:: PROBLEM DESCRIPTION ::
Omit all pictures. Quote the lines from the one with "[월간서예문인화] 훈민정음기념사업회, 미국서" through the end of the listing below, exactly as they appear.

━━━━━ GIVEN MATERIAL ━━━━━

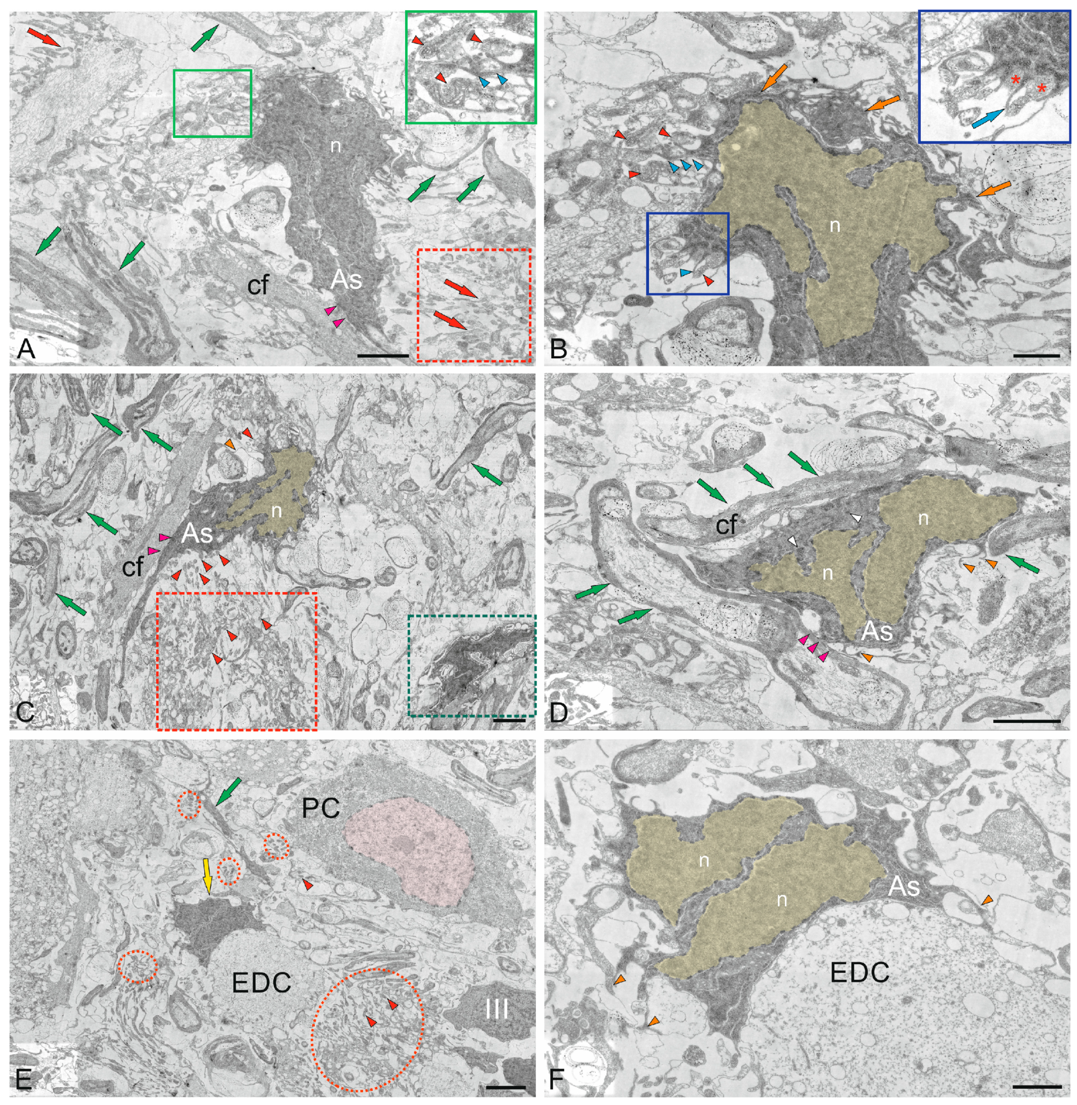 Figure 13. Ultrastructural organization of large astrocytes in contact with Purkinje cells in the cerebellum of juvenile chum salmon, Oncorhynchus keta. (A)—Large astrocytes located at the border of the GL and GrL: large jagged nucleus (n); inset in the green rectangle outlines astrocyte processes (blue arrowheads) surrounding membrane vesicles (red arrowheads), forming endocytic complexes; secretory granules (red arrows) are outlined by the red dotted square; fibers are indicated by green arrows; the contact zone of As and cf, by pink arrowheads. (B)—Enlarged fragment of As: nucleus (n) is highlighted in yellow; endocytosis is outlined by the blue inset; endocytic vesicle is indicated by red asterisk; astrocyte process is indicated by the blue arrow; As boundaries, by orange arrow; other designations are as in (A). (C)—Patterns of extracellular glutamate utilization by As: the irregularly shaped nucleus (n) is highlighted in yellow; the contact zone with cf is indicated by magenta arrowheads; the end-feet of As, by an orange arrowhead; glutamate vesicles are outlined by the red dotted rectangle; the vesicles are indicated by red arrowheads; the apoptotic cell is outlined by the green dotted rectangle. (D)—Fibrous-type As localized among myelinated cf (green arrows), forming tangential contacts, is indicated by magenta arrowheads; the irregularly shaped nucleus is highlighted in yellow; mitochondria are indicated by white arrowheads; the end-feet of As, by an orange arrowhead. (E)—Astrocytes (yellow arrow) in contact with the EDC: the PC nucleus is highlighted in pink; an accumulation of secretory granules (red arrowheads) is outlined by red dotted oval; type III aNSPCs—III. (F)—An enlarged fragment of As: the double nucleus is highlighted in yellow; the end-feet of As is indicated by orange arrowhead. TEM. Scale bars: (A,C,D)—2 µm; (B,F)—1 µm; (E)—3 µm.
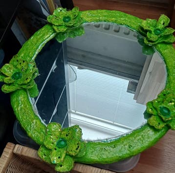 Dit is een zelf geknutselde spiegel met een groene rand. De rand is versierd met gelakt papier maché. Gaat na maandag naar de stort.
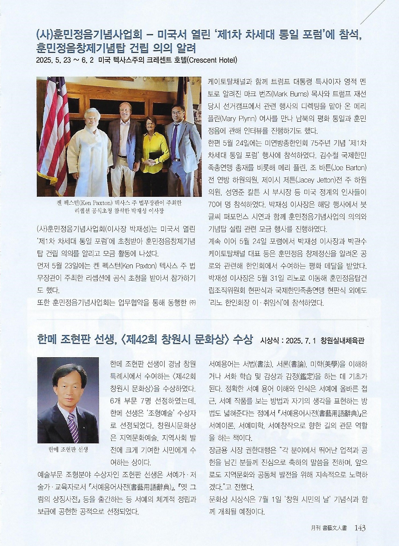 [월간서예문인화] 훈민정음기념사업회, 미국서 열린 '제1차 차세대 통일 포럼' 참석 상세보도
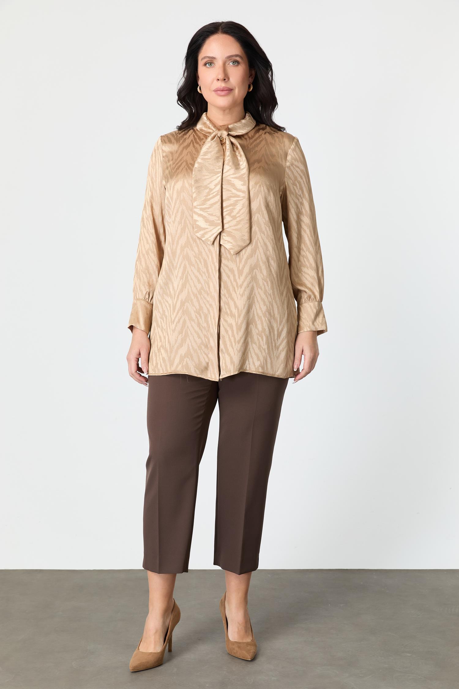 Büyük Beden Bağlama Detaylı Tunik Gömlek- (5WBB81B1019-100)

━━━━━

:: TASK RESULT ::
 [월간서예문인화] 훈민정음기념사업회, 미국서 열린 '제1차 차세대 통일 포럼' 참석 상세보도
 Büyük Beden Bağlama Detaylı Tunik Gömlek- (5WBB81B1019-100)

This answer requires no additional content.